Now, you can order your Skully

The Skully saga caught more attention than all other smart helmets put together, in good ways and bad.

Last December, we told you about the Skully “smart helmet.” Now you can pre-order one, for next season.

The Skully helmet offers GPS, heads-up display technology, a rear-view camera, Bluetooth integration to your smartphone and other gadgets – read more here. It’s been undergoing testing for months now, and yesterday the company offered their first models for sale on Indiegogo.

The cheapest helmet costs $1,400 for pre-orders in the US, $1,600 for international orders. Order one now, and you get an estimated delivery date of May 2015. There are package deals if you want to buy two helmets, and if you feel especially financially fit, you can drop $25,000 for a prototype and a production helmet.

Skully was hoping to raise $250,000 on Indiegogo by Sept 9. As of this morning, they had already raised over $800,000, so it looks like their project ought to be a financial success.

Check out the video below to see hipsters and CEOs and other motorcycle experts talk about the Skully.


  1. It has never struck me as a particular nuisance to “look behind” or do a lane check as I ride.

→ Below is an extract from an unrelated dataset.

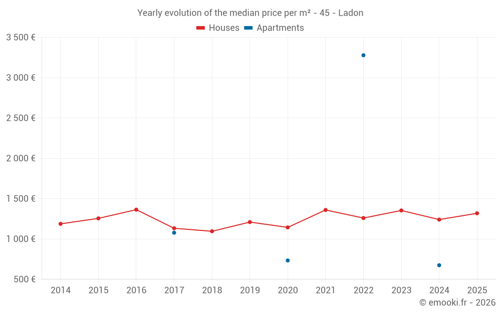 The median price on the 16 house transactions of the last 12 months in the municipality of Ladon was 1 360 € per square meter for a median property value of 113 000 €. Over this period, 60% of transactions were between 957 and 1 597 € per square meter (from the 2nd to the 8th deciles).

Nor have I EVER thought to myself, “Jeez I’d really like to answer my phone/make a call/read a text.” as I ride my motorcycle. Also the little display looks as if it intrudes into the field of vision a bit. Honestly there wasn’t one person on that video that made me think, “Oh if he/she likes it I better check it out.” Having said that I’m sure it will be the next required Starbucks table ornament with a particular demographic.

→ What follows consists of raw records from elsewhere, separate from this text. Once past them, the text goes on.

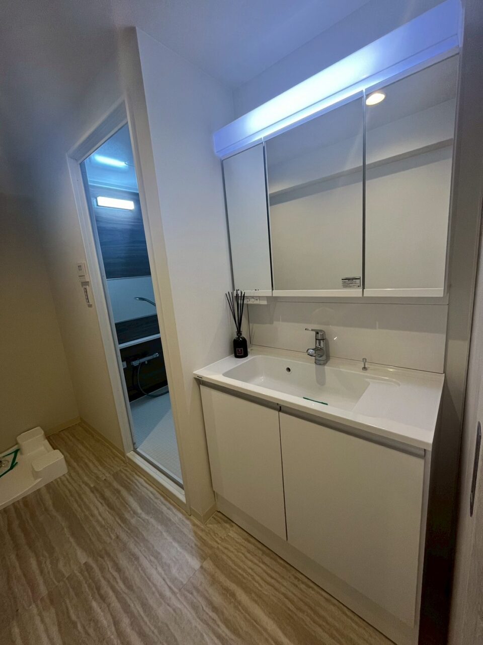洗面台 :三面鏡付洗面化粧台交換(パナソニック社製シーラインW900)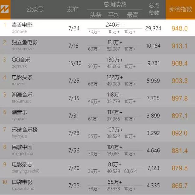新榜最新發布的影視音樂類微信影響力排行榜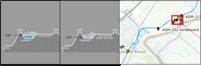 Figuur 7. Maximaal (links) en minimaal (midden) waterpeil (m NAP) op het traject Nieuwerkerk aan den IJssel-Moordrecht (rechts) bij droogte (links) en bij neerslag (midden).
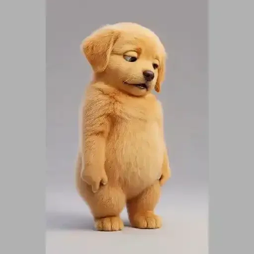 Um cachorrinho fofo de pelo dourado, com expressão curiosa e orelhas caídas, está em pé sobre as patas traseiras.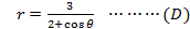 OBの偏角は(φ+π)だから,OB=3/(2+cos(φ+π))=3/(2-cosφ).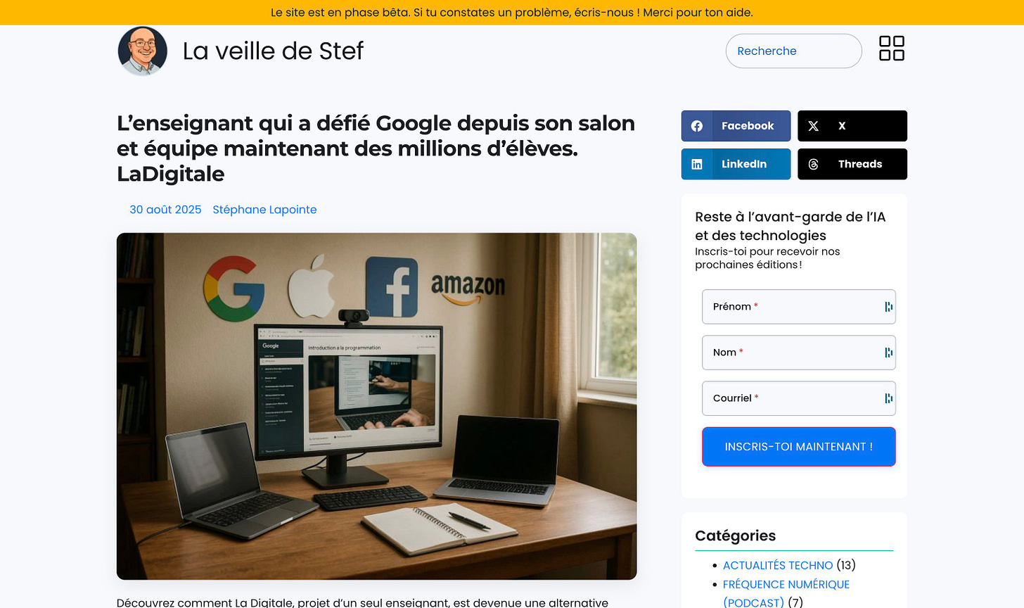 ✂️ Extrait : « Découvrez comment La Digitale, projet d’un seul enseignant, est devenue une alternative éthique à Google pour des millions d’élèves. Un guide complet sur cette innovation. Saviez-vous qu’une suite complète d’outils numériques, utilisée par des millions d’élèves dans 160 pays, a été créée par un seul enseignant sur son temps personnel ? C’est l’histoire fascinante de La Digitale, une initiative qui défie les géants de la tech. »

    • I’m with you on the lane checks. However, I could see the helmet benefiting someone who’s suffering from a neck injury or something.

      I do think the ability to interface with a phone can be pretty useful, at times.

      I think this helmet’s greatest downfall will be that once the visor gets a bit scratched up, I suspect it will be mucho expensive to replace. As someone who takes care of his visors and still needs to replace them regularly, I think the expense will get to riders.

  2. Seems a tad rich for a helmet you won’t get to try on, until yours is sent out. Not being able to make sure the helmet that you bought fits doesn’t seem to be the safest option. Hopefully they’ll have a rather generous exchange programme.

    • That was one of my first thoughts. There’s all sorts of ballyhoo about how safe this helmet is, but all from people who have tried it on. Now, if they combined this with Bell’s new custom fit program, the expense might seem a little more justified.